2. Individuals must be randomly assigned, either to the intervention group or to the control
group to ensure that the groups are equivalent. Some individuals in a population may be more
religious, or more wealthy, or less sickly, or more prejudiced than others, but random assignment
ensures that those traits are randomly distributed through the groups in an experiment. The degree to
which randomization ensures equivalence, however, depends on the size of the groups created. With
random assignment, two groups of 50 are more equivalent than four groups of 25.

3.The groups are measured on one or more dependent variables (income, infant mortality,
attitude toward abortion, knowledge of curing techniques, or other things you hope to change by the
intervention); this is called the pretest.

4.The intervention (the independent variable) is introduced.


5.The dependent variables are measured again. This is the posttest.

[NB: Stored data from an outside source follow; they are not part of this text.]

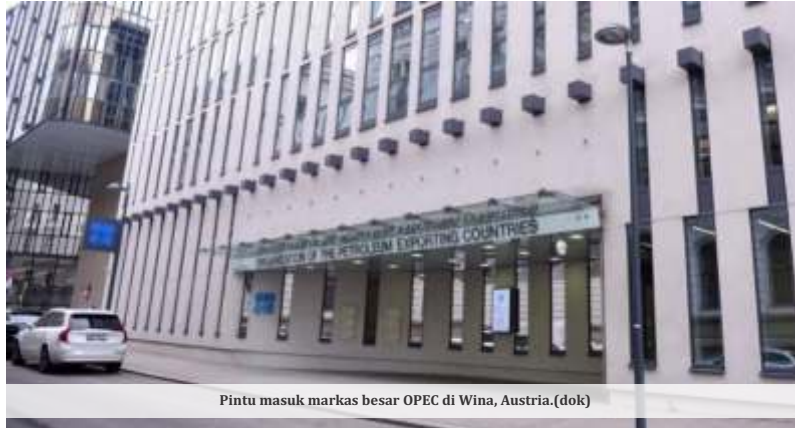
Pintu masuk markas besar OPEC di Wina, Austria.

OPEC sendiri merupakan organisasi negara pengekspor minyak yang berdiri sejak 1960, dengan anggota utama seperti Arab Saudi, Irak, Iran, Kuwait, dan UEA. Sementara OPEC+ adalah aliansi yang lebih luas, terbentuk pada akhir 2016, yang menggabungkan anggota OPEC dengan 10 negara produsen minyak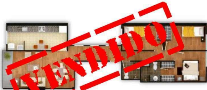
DPTO 202 al 502 área ocupada : 83.6 m2 área techada : 83.6 m2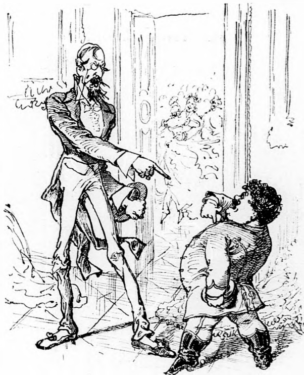
15. A kölcsönös bukás okoz vitát már is, S a vita lett immár unparlamentárisch: Mind a két sértett fél kimondá nagy mérggel, Hogy az ily bántalom lemostához vér keli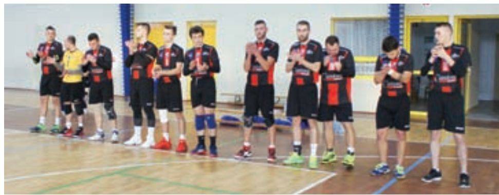
Zespół Volley Team Żychlin w spotkaniu 2. kolejki Łódzkiej III ligi mężczyzn zagrał we własnej hali sportowej podejmując LKS Luks Dobroń.

Piłka siatkowa | Łódzka III Liga Siatkówki Mężczyzn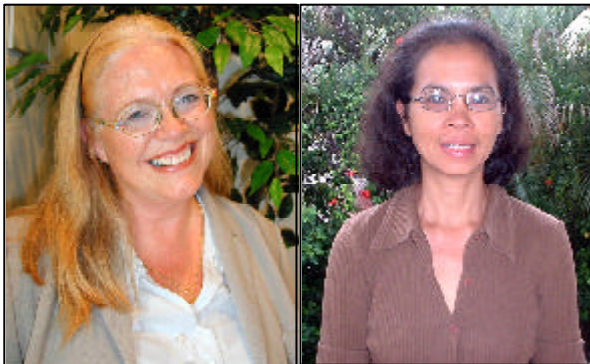
Comitê de VSs nas Filipinas e Indonésia

O trabalho nos países vizinhos com uma situação mais delicada na Indochina continua crescendo milagrosamente. Eles têm sido abençoados com pessoal extra, e tem mais gente à caminho. Os Lit-Pics nesses países continuam a produzir a Palavra fielmente no idioma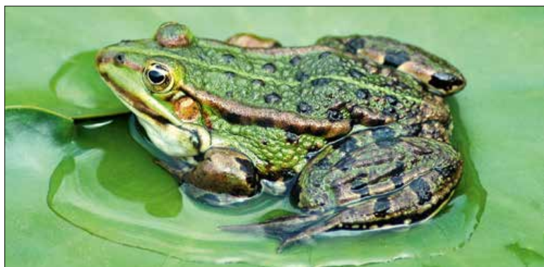
▲ Den oaktepuut, zilveren tweede in de stand.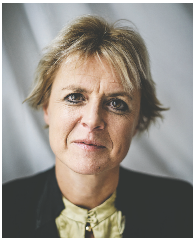
LYKKE FRIIS, TIDLIGERE KLIMA- OG ENERGIMINISTER

Med Danmarks relative lille størrelse i det globale perspektiv, har vi brug for stærke allierede, og her er det naturligt at kigge mod vores naboer og EU. EU har i det globale billede en meget stærkere gennemslagskraft – hvis vi ellers kan blive enige! Lykke Friis tager os med på en EU-rundrejse og fortæller mere omkring udfordringer og forhindringer for et fælles fodslag. Hun sætter også indsatsen ind i et historisk perspektiv og trækker tråde tilbage til Berlinmurens fald for netop 30 år siden. Derudover deler hun ud af sin imponerende viden om vores tyske broderfolk mod syd. Kom med på en tour-de-force gennem Europa og få sat Danmarks indsats ind i et større perspektiv.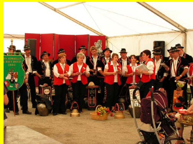
Et une petite dernière pour la route !

Pour la 1 ère édition de la fête de la Sambine, plus de 900 heures bénévoles du vendredi 08 au dimanche soir 10 août 2008 !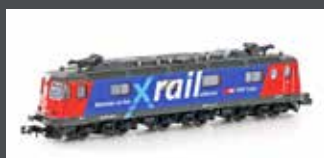
K10176 E-LOK RE 620 SBB CARGO / XRAIL, EP.V-VI, MIT KLIMAAANLAGE

True Experiments in the Lab

Bernard further says that true experiments with people are common in laboratory experiments
and in the testing of new medicines. Laboratory experiments often produce results that beg to be
tested in the natural world by anthropologists. Aaron and Mills (1959, as cited in Bernard, 1994)
demonstrated in a lab experiment that people who go through severe initiation to a group tend to be
more positive toward the group than are people who go through a mild initiation. They reasoned that
people who go through tough initiation rites put a lot of personal investment into getting into the
group. Later, if people see evidence that the group is not what they thought it would be, they are
reluctant to admit the fact because of the investment.

True Experiments in the Field

When they are done outside the lab, experiments are called field experiments. Janet Schofield
and her colleagues did a 3-year ethnographic study of a middle school. During the first year, they
noticed that African-American and white children seemed to react differently to "mildly aggressive
acts"-things like bumping in the hallway, poking one another in the classroom, asking for food, or
using another student's pencil without permission. There appeared to be no event of racial conflict in
the school, but during interviews white students were more likely to report being intimidated by their
African-American peers than vice versa (Sagar & Schofield,1980, as cited in Bernard, 1994).

Quasi-Experiments

Quasi-experiments are most often used in evaluating social programs. Suppose a researcher
has invented a technique for improving reading comprehension among third graders. She/he selects
two third-grade classes in a school district. One of them gets the intervention and the other doesn't.
Students are measured before and after the intervention to see whether their reading scores improve.
This design contains many of the elements of a true experiment, but the participants are not assigned
randomly to the treatment and control groups. (Bernard, 1994).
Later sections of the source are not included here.